Studio Commandments

by Sarah Drasner

17 Jan 2017

Published in The Human In The Machine

When I was a professor, I required all of my students to create a list of studio commandments. I got the idea from the work of Henry Miller, a notable author, who gave himself a list of Commandments for writing. What I thought was interesting about Miller’s Commandments, was that they weren’t for everyone. They were very precisely what he needed to do to be in the studio, what he needed to remember in order to survive.

I could write this post from the point of view of: here’s how I manage my projects and make sure I stay productive, and I will, towards the end. But I’m almost certain that whatever works for me might not work for you. The point of the studio commandment exercise was not for me to instruct the students what they should and should not do in studio (though as any teacher who also has to clean up the space, I made some rules for that as well), I believed in the process because I wanted them to think critically about what they needed.

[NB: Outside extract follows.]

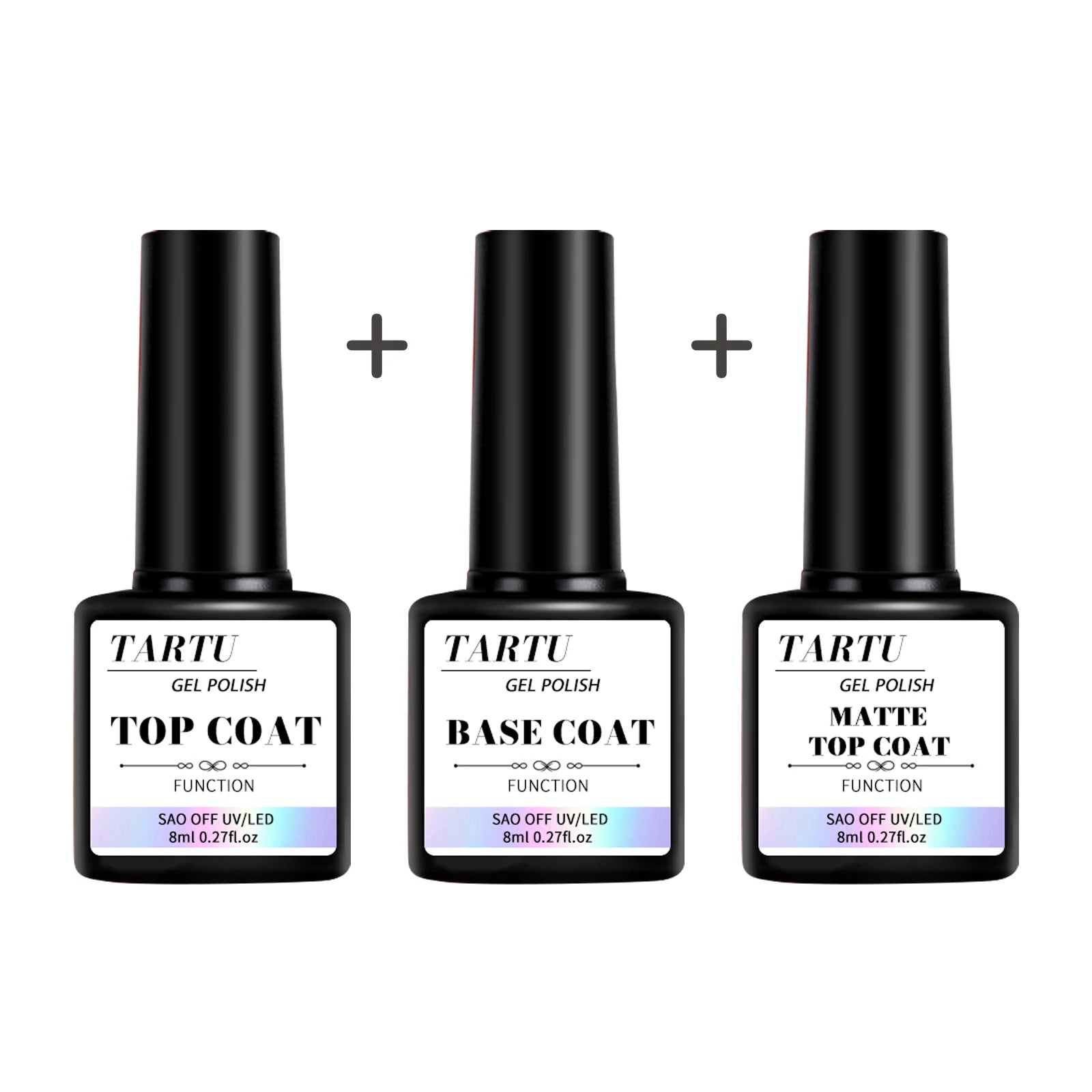 8Ml Functional Gel Nail Art Set with Base Coat and Diamond Top Coat,Matte Top ,Soak Off Gel Nail Polish for Nail Art Design Tool

Work on something creative when you feel your productivity wane.

I participated as well, and notably, every semester my commandments shifted a bit.

Here are mine, as of today:

Study for anywhere from five to twenty minutes before you start working.

Start a folder for each new project, in it make subfolders for src, inspiration, resources, and a text file with ideas, that can be added to over time but nothing should be deleted.

Always have plenty of water on hand, otherwise I’ll get up and be distracted from work every time.

Break my work up into measurable pieces that are actionable. Use projects I like doing and books I like reading as rewards for pieces completed.

Always stop when you know what happens next.

Keep several to do lists. Don’t worry about repetition. Writing it more than once helps you remember because you don’t always check them.

Don’t agree to more than 4 things at once.

Work on something creative when you feel your productivity wane.

Allow yourself to talk to other people on twitter, slack, etc without guilt. Too much guilt is bad for you.

When things don’t work linearly, get methodical and then think laterally.

Impose artificial bounds on creative work.

I encourage you to sit for a minute and explore your studio commandments. Of course, I use the word “studio” liberally, it can mean your workstation, your desk, anywhere that you need to be productive. Don’t worry too much that they be perfect, you can alter them over time. You can also take a few days to observe yourself working before writing them, or write them once and revisit them and edit.

The studio commandments are helpful because they foster self-awareness and give you simple directions for productivity. The act of writing out the commandments is helpful, but the most important aspect is being fully present in observance of yourself.